» **WHAT IS NEEDED**
Beginning with the line that contains "La struttura del", retype the entries below exactly, ending with the line that contains "Maria Tarnowska died". Leave out any pictures.

» **MATERIAL FOR THE TASK**
■ ■ ■ ■

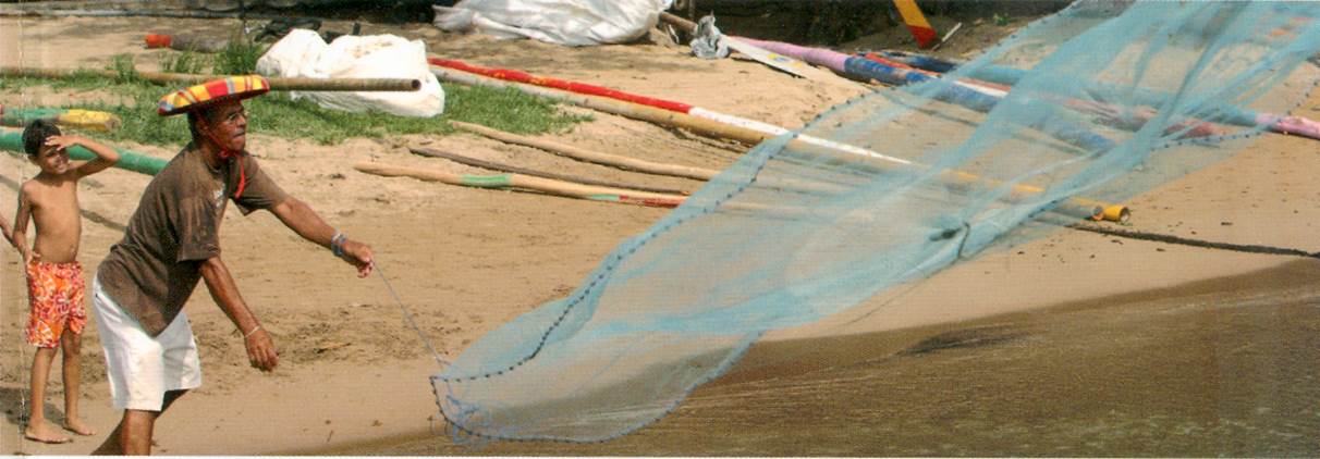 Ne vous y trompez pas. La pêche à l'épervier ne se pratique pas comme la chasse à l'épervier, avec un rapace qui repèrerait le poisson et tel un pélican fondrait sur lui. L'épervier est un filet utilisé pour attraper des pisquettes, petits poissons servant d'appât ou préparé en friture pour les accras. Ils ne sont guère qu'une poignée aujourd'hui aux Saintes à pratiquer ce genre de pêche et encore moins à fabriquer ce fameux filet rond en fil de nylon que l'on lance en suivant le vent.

■ ■ ■ ■

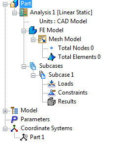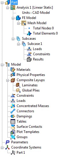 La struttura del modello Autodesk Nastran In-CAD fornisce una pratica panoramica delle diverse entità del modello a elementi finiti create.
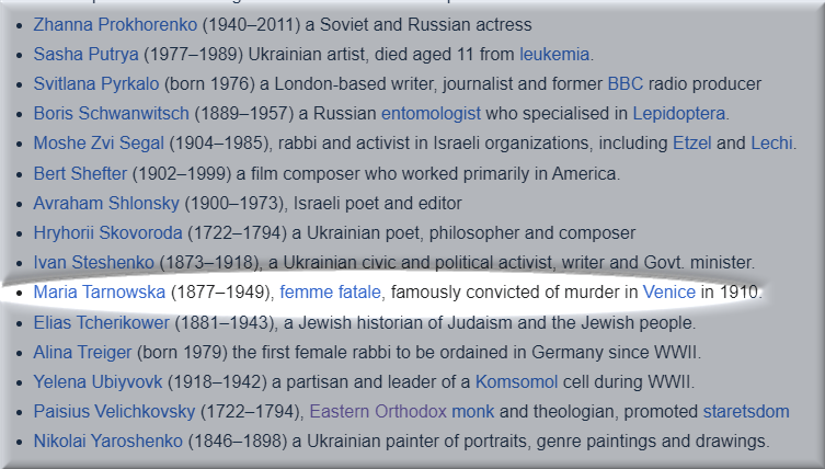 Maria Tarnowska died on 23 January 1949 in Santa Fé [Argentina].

■ ■ ■ ■

» **SOLUTION TO THE PROBLEM**
 La struttura del modello Autodesk Nastran In-CAD fornisce una pratica panoramica delle diverse entità del modello a elementi finiti create.
 Maria Tarnowska died on 23 January 1949 in Santa Fé [Argentina].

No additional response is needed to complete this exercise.